**THE TASK**:
What should come back is the data below, word for word, minus any picture.

**DATA EXCERPT**:
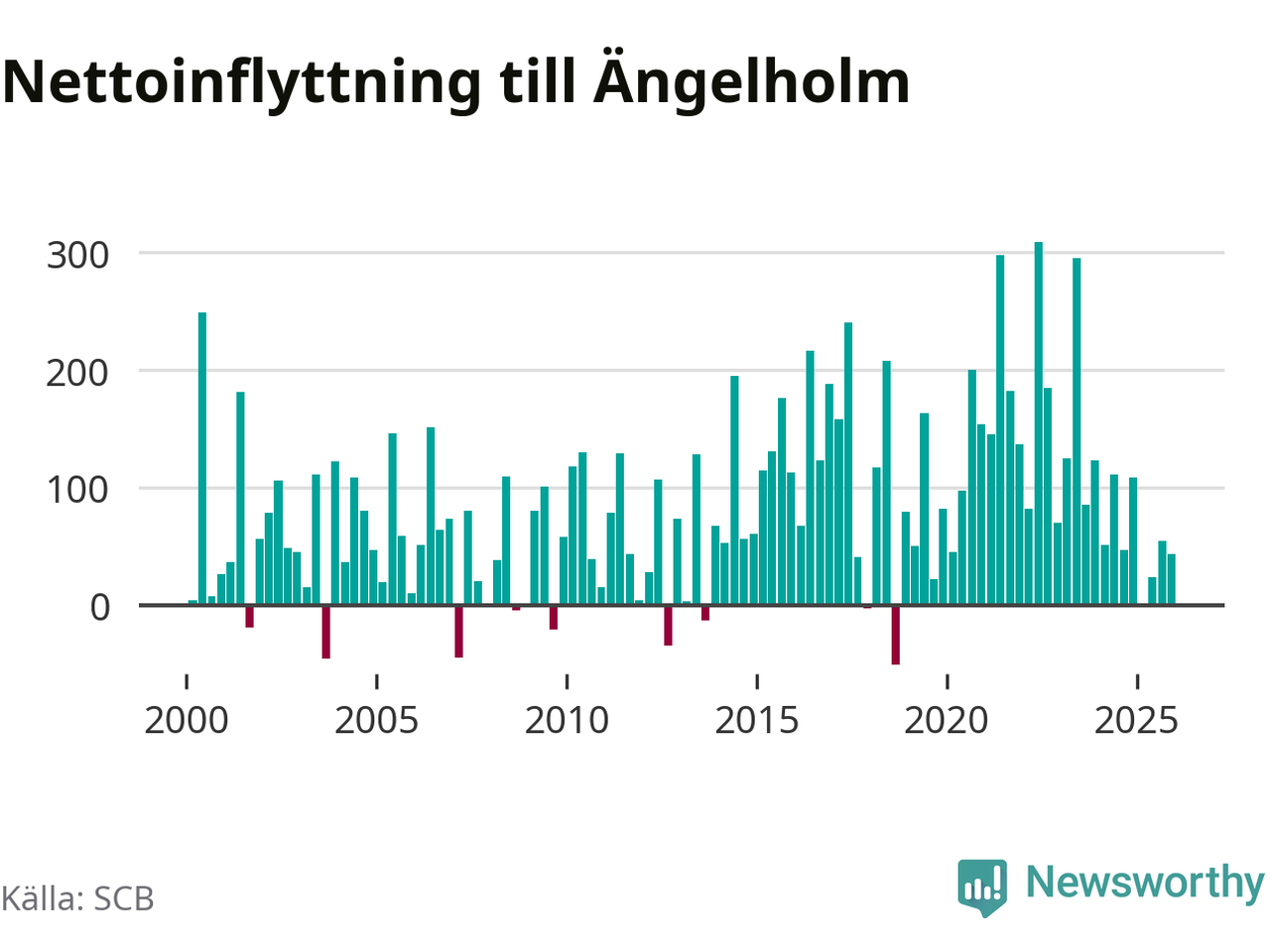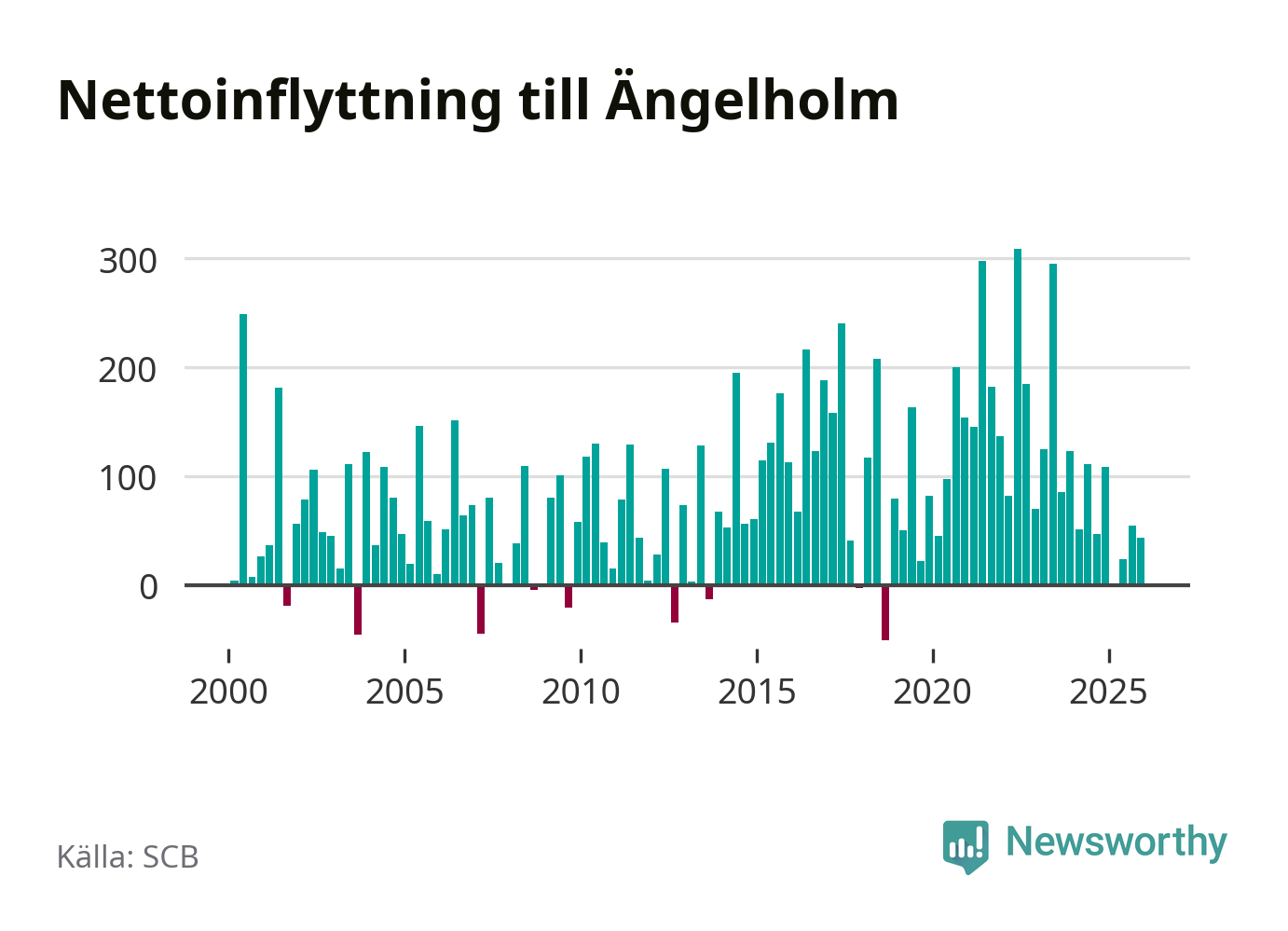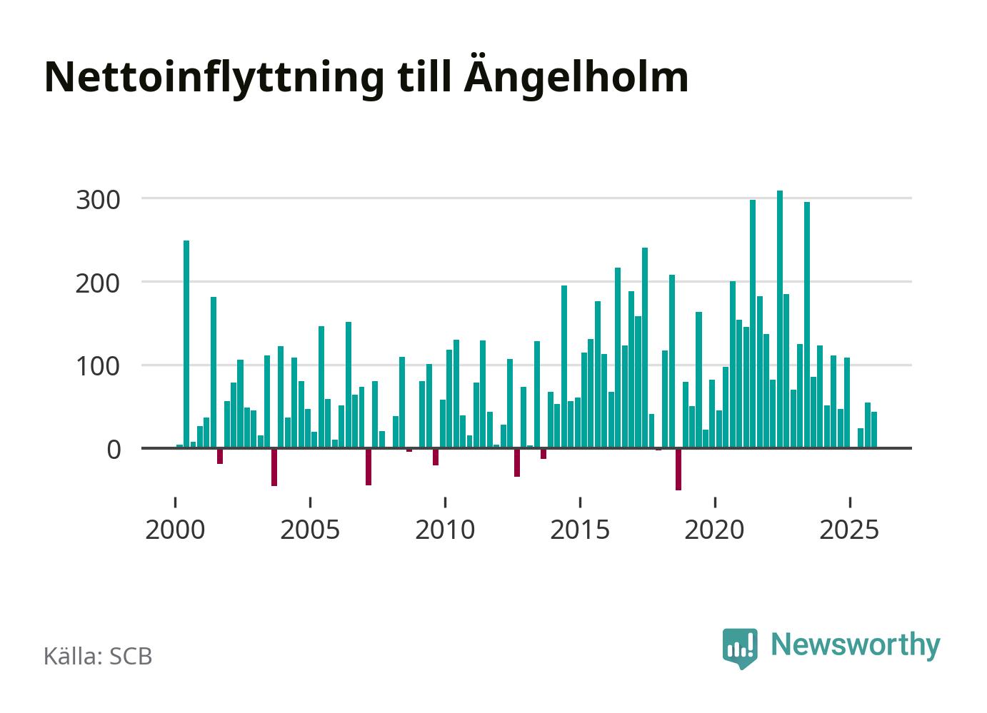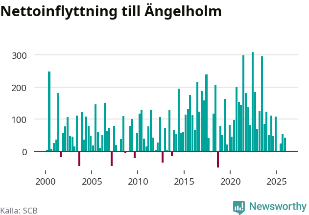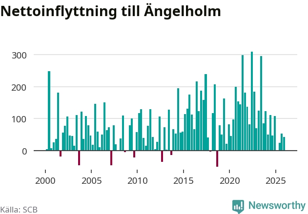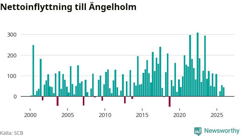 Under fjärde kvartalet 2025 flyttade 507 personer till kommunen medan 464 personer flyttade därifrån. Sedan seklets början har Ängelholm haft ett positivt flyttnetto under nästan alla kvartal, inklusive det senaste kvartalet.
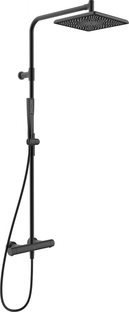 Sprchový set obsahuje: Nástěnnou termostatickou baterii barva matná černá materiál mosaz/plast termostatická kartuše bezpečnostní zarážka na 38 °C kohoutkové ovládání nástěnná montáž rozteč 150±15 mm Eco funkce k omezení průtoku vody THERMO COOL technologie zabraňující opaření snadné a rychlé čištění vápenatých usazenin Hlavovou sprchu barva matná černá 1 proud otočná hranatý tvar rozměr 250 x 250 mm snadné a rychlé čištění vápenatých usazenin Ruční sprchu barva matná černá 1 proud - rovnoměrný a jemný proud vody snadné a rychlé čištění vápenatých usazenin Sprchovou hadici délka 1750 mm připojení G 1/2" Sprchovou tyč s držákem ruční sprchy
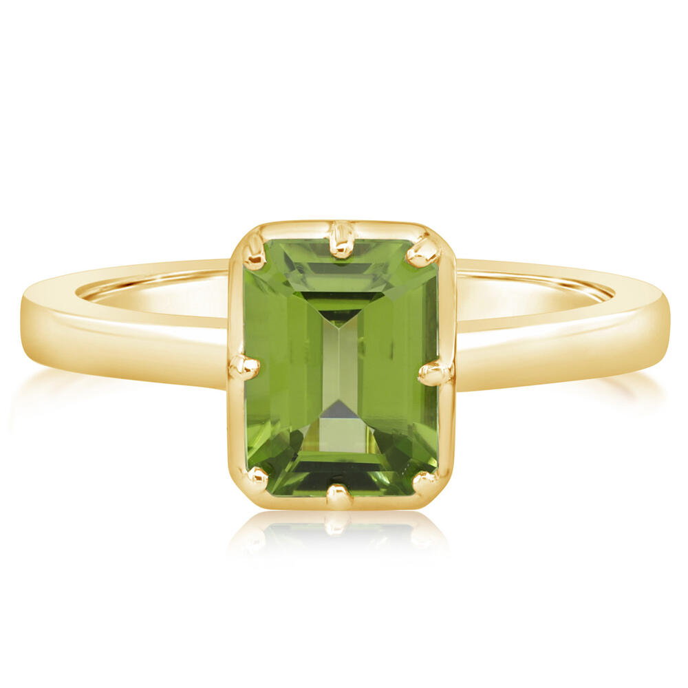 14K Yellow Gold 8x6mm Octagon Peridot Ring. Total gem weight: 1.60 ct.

**FINAL ANSWER**:
 Under fjärde kvartalet 2025 flyttade 507 personer till kommunen medan 464 personer flyttade därifrån. Sedan seklets början har Ängelholm haft ett positivt flyttnetto under nästan alla kvartal, inklusive det senaste kvartalet.
 Sprchový set obsahuje: Nástěnnou termostatickou baterii barva matná černá materiál mosaz/plast termostatická kartuše bezpečnostní zarážka na 38 °C kohoutkové ovládání nástěnná montáž rozteč 150±15 mm Eco funkce k omezení průtoku vody THERMO COOL technologie zabraňující opaření snadné a rychlé čištění vápenatých usazenin Hlavovou sprchu barva matná černá 1 proud otočná hranatý tvar rozměr 250 x 250 mm snadné a rychlé čištění vápenatých usazenin Ruční sprchu barva matná černá 1 proud - rovnoměrný a jemný proud vody snadné a rychlé čištění vápenatých usazenin Sprchovou hadici délka 1750 mm připojení G 1/2" Sprchovou tyč s držákem ruční sprchy
 14K Yellow Gold 8x6mm Octagon Peridot Ring. Total gem weight: 1.60 ct.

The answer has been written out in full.